I avoid the option of watching TV until I read more by "hiding" the remote control in a drawer and putting the e-reader or book in a visible place such as the table, as this serves as an incentive to practice the new habit and make the appropriate decision.
6. Avoiding what leads to a return to previous habits:
This advice is essential and intuitive at the same time, as habits are formed by motivation.
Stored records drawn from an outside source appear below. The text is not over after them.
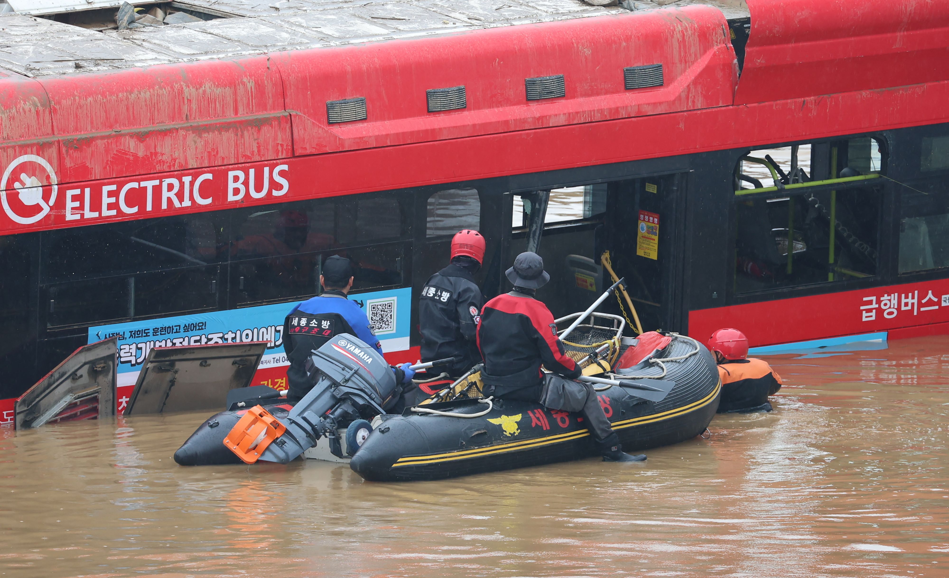 忠清北道清州市五松邑宮坪里一處地下道15日因周邊河川暴漲,短時間湧入約6萬噸水遭滅頂,有15輛車受困,包含1輛載有約10位乘客的公車、2輛卡車,以及12輛轎車,警消趕赴現場排水救人。
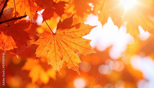 Vibrant autumn leaves glowing in sunlight, creating a warm atmosphere in a serene setting
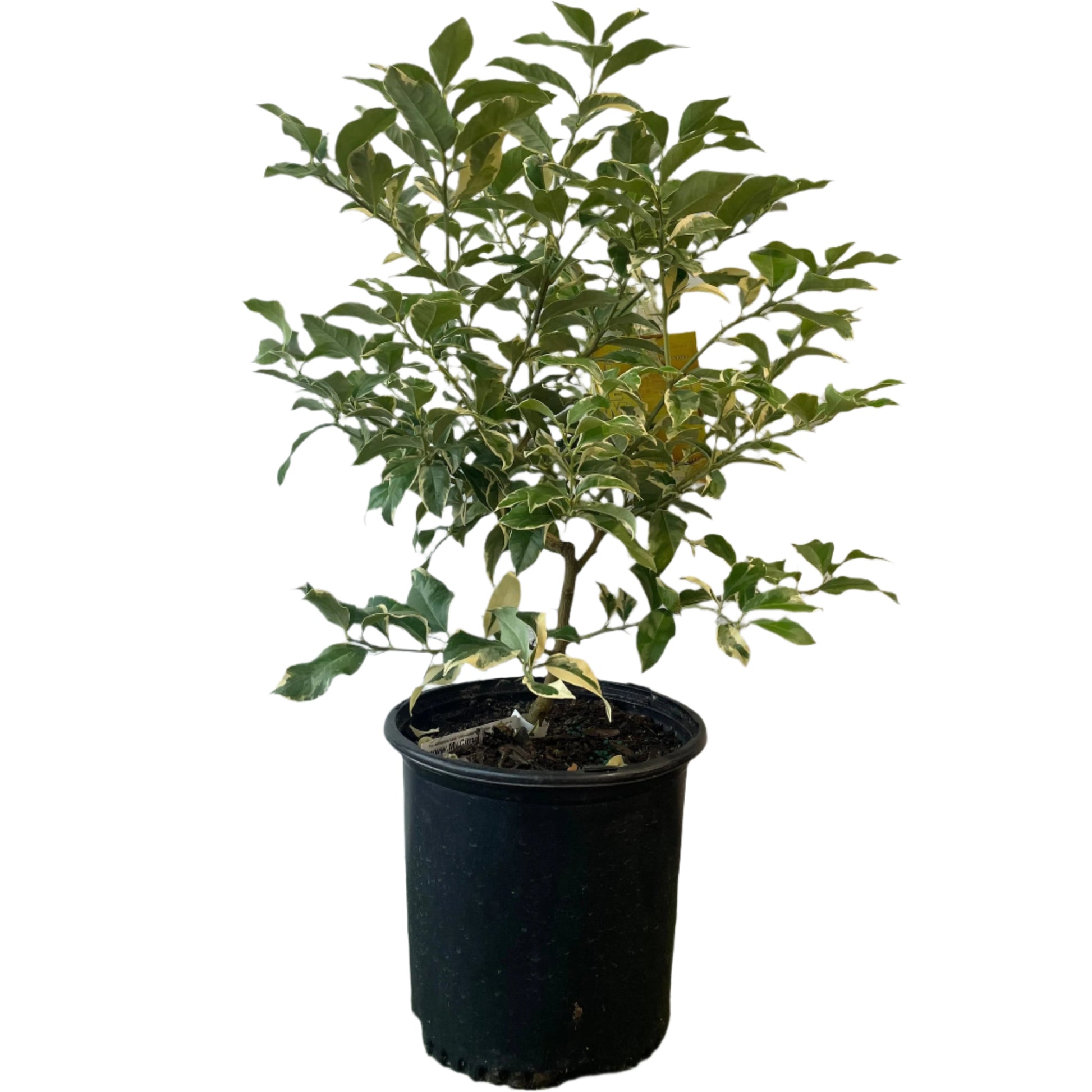 The Variegated Lemon Tree (Citrus limon ‘Variegata’) is a striking and productive citrus plant known for its creamy-edged, variegated leaves and beautifully striped fruit. Grown in a 10" pot, it’s an eye-catching addition to patios, sunrooms, or bright indoor spaces. With proper care, this dwarf citrus tree produces fragrant white blossoms and tangy lemons with pink-fleshed interiors—making it as functional as it is beautiful.
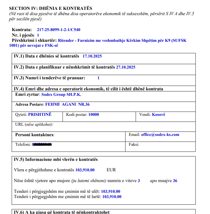 Sipas njoftimit zyrtar, kohëzgjatja e kontratës është paraparë të jetë 36 muaj, ndërsa furnizimi do të bëhet në përputhje me specifikimet teknike të përcaktuara në dosjen e tenderit.
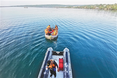 7月24日,救援人员在印度尼西亚苏拉威西省附近海域搜救沉船事故幸存者。
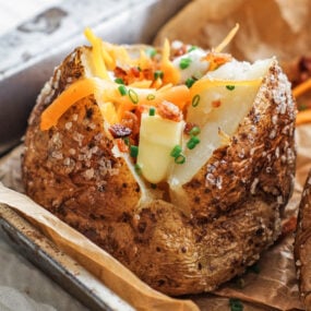 - Toppings – My favorite jacket potato toppings are butter, shredded cheddar cheese, sour cream, thinly sliced fresh chives, and chopped crispy bacon. You can find even more to choose from in the Serving Suggestions below.
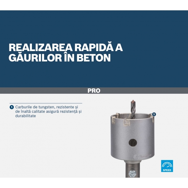 PRO SDS plus-5 Core Cutter foloseste dintii puternici din carburi pentru a asigura un progres exceptional al taierii si o durata lunga de viata. Dintii sunt asimetrici si se adapteaza la diametrul carotei, astfel incat sa poti realiza mai eficient gauri precise pentru cutiile de comutatoare si tevi.

If you are used to drinking carbonated water in the evening, replace those cans with water bottles.
7. Allocate specific time to technology:
A growing body of research shows that technology can negatively affect us at night, as blue lights from screens keep our minds busy and can negatively affect restful sleep and mood. Even our physical condition, not to mention that the majority of what we watch on TV is not purposeful. This does not mean that you need to sell your TV and stay isolated from the outside world, but rather, you can control it by setting a strict deadline to watch it every night, which allows you to relax naturally and allocate evening hours to helpful things, such as communicating with your friends or recording things you are grateful for in your life in your journal.
8. Relaxation:
We sometimes have trouble getting our brains to stop thinking at night, and I've found that some simple stretching exercises, or a short yoga session, help to feel relaxed and fall asleep. For others, reading a short chapter of their favorite novel is enough to help them sleep. What is important is that what you are doing is not a strenuous activity that is active in your body and mind. It is not what we want at this time.
9. Not being afraid of some default:
Another spectacular aspect of the research was that habit acquisition did not need to be fully adherence as we thought. A 2010 study reported that participants who had a day of shorter practice had a lower desire to establish habits than participants who had a daily habit.
After all, it's a lifestyle change, and that doesn't mean blaming yourself for a day you didn't commit to. In fact, that kind of negative response can make us resist the change overall.
10. Planning for the next morning:
In my experience, the best part of my evening routine is planning for the following morning; it's part of the relaxation process that assisted me feel like my day was complete. As we usually do when the restaurant or store closes, I evaluate my day's events, such as things that went well and what I accomplished, and what I still have to do, as it helps me make a plan to walk on the next morning. When I wake up, I can start my day with a goal in my pocket, instead of spending the first few hours - which I found to be the best hours of the day - doing meaningless or distracting tasks.
11. Tracking progress:
Similar to creating a diary to record your tasks at the beginning of each day, keep a diary as you acquire a new set of habits, and write down what you succeeded in adopting, and what was easy or difficult. This allows you to continue to customize your new routine to suit you more.
Remember that a routine is not a 30-day punishment or challenge that will magically solve your problems. It is a way to achieve a goal and boost productivity.